[[ RECORDED DATA, beginning ]]
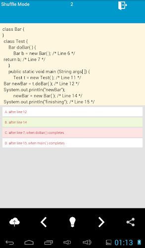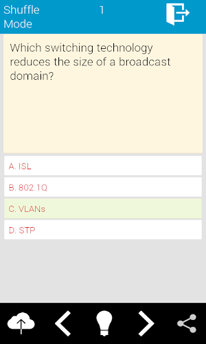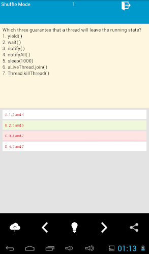 V tomto režimu náhodně více možností výběru z různých témat sítě Will Will požádat. Dotaz můžete označit jako důležitou a ukládat jako vybraná otázka. Tyto vybrané otázky můžete procvičit ve vybraném režimu. Jakmile jste odpověděli na otázku, můžete také zkontrolovat vysvětlení odpovědi.
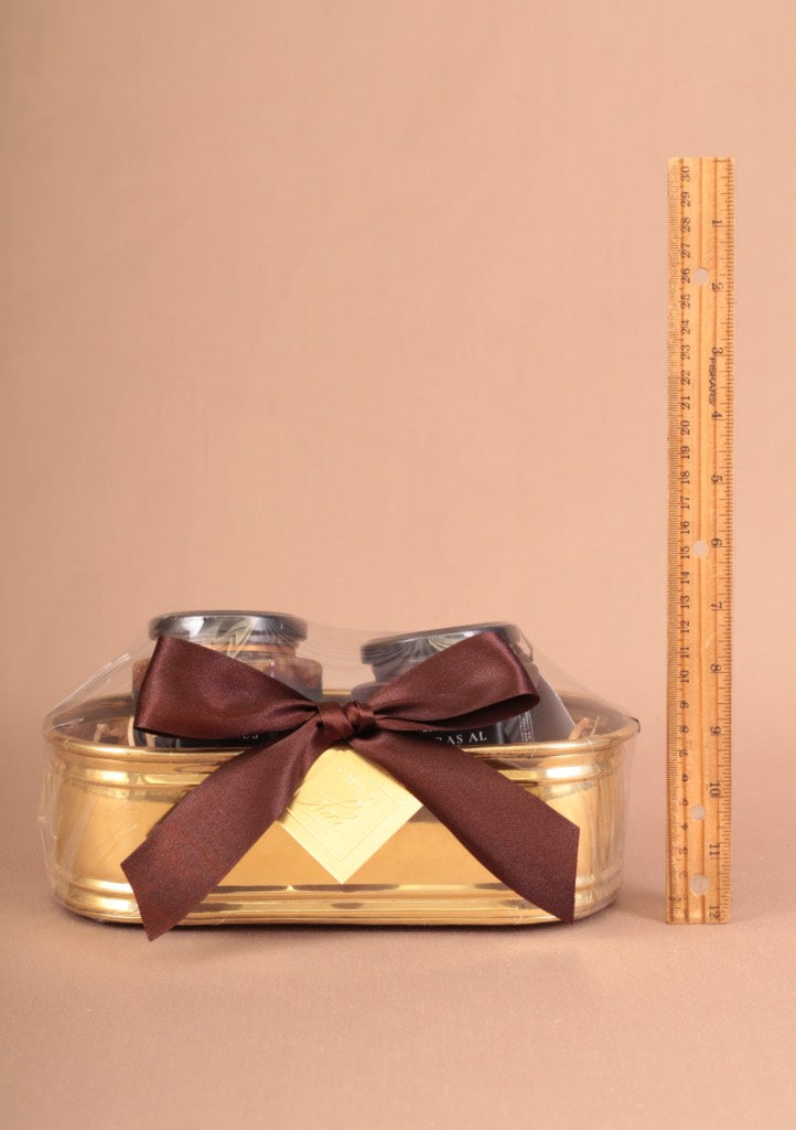 CONTENIDO: Tinita dorada de latón | Mermeladas gourmet de frutos rojos e higos y piñones 310g.
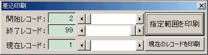 | 指定範囲を印刷: | 「開始レコード」から「終了レコード」までを連続して差込印刷します。 |
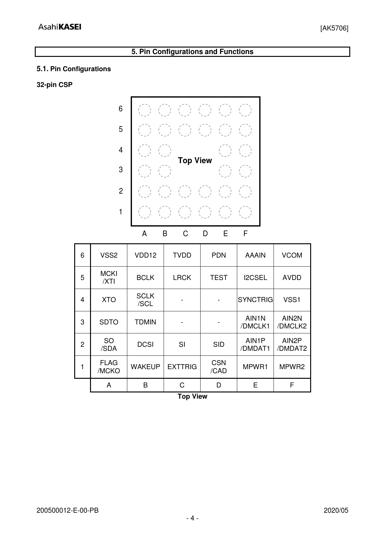 5. Pin Configurations and Functions 5.1. Pin Configurations 32-pin CSP
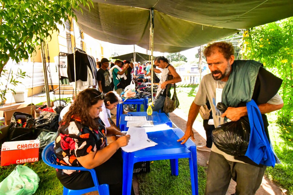 As dependências do Palácio Instrução, na região central de Cuiabá, recebeu o Mutirão Pop Rua promovido pelo Tribunal Regional Eleitoral de Mato Grosso – TRE MT nesta sexta-feira (19). Desde o início da manhã, a Prefeitura de Cuiabá, por meio da Secretaria Municipal de Assistência Social, Direitos Humanos e da Pessoa com Deficiência, participa da iniciativa com a equipe do Centro de Referência Especializado à População em Situação de Rua – Centro Pop, com a oferta de serviços como cadastramento no programa CadÚnico para acesso aos benefícios do Governo Federal, triagem para encaminhamentos para as unidades de acolhimento e o Cabide Solidário, sendo esse um dos serviços mais procurados pela população em situação de rua e ou vulnerabilidade social.
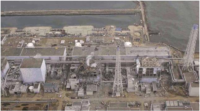 Hình ảnh nhà máy điện Fukushima sau tai nạn: sự cố này đưa vào khí quyển lượng phóng xạ nhất định được CTBTO và WMO phối hợp quan trắc trong quá trình tại nạn.
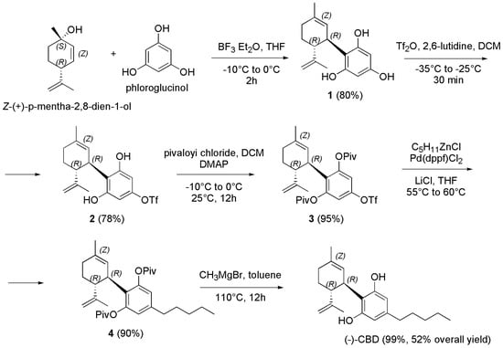 129. Chiurchiù, E.; Sampaolesi, S.; Allegrini, P.; Ciceri, D.; Ballini, R.; Palmieri, A. A Novel and Practical Continuous Flow Chemical Synthesis of Cannabidiol (CBD) and Its CBDV and CBDB Analogues. Eur. J. Org. Chem. 2021, 2021, 1286–1289. [Google Scholar] [CrossRef]
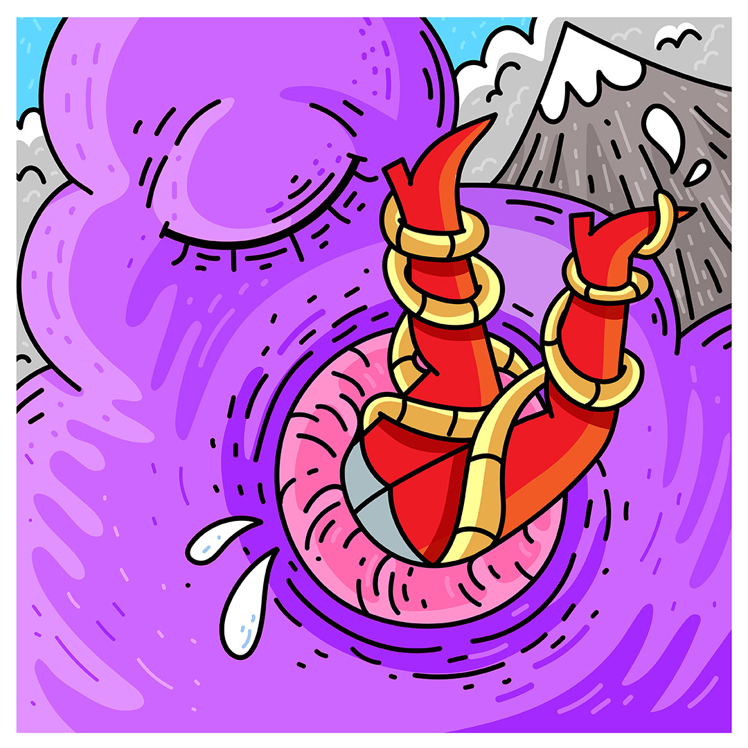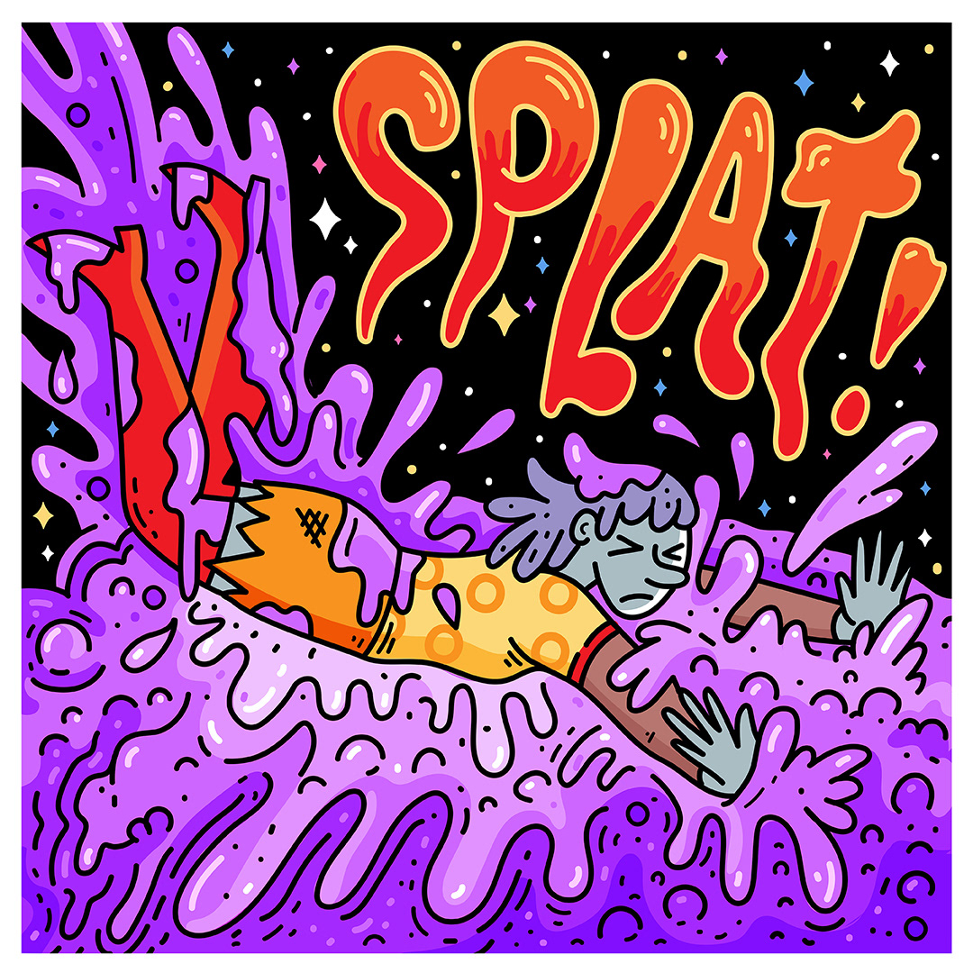 a community-based, ongoing, mute chain-comic that features three panels from different artists around the world who all contribute to the story using their own unique styles, this was my bit; featuring the character getting slurped up by a blob monster!
[[ RECORDED DATA, end ]]
:: YOUR TASK ::
Reproduce the opening lines of the material above exactly, ending with the line that contains "CONTENIDO: Tinita dorada". Omit every picture.

:: SOLUTION TO THE EXERCISE ::
 V tomto režimu náhodně více možností výběru z různých témat sítě Will Will požádat. Dotaz můžete označit jako důležitou a ukládat jako vybraná otázka. Tyto vybrané otázky můžete procvičit ve vybraném režimu. Jakmile jste odpověděli na otázku, můžete také zkontrolovat vysvětlení odpovědi.
 CONTENIDO: Tinita dorada de latón | Mermeladas gourmet de frutos rojos e higos y piñones 310g.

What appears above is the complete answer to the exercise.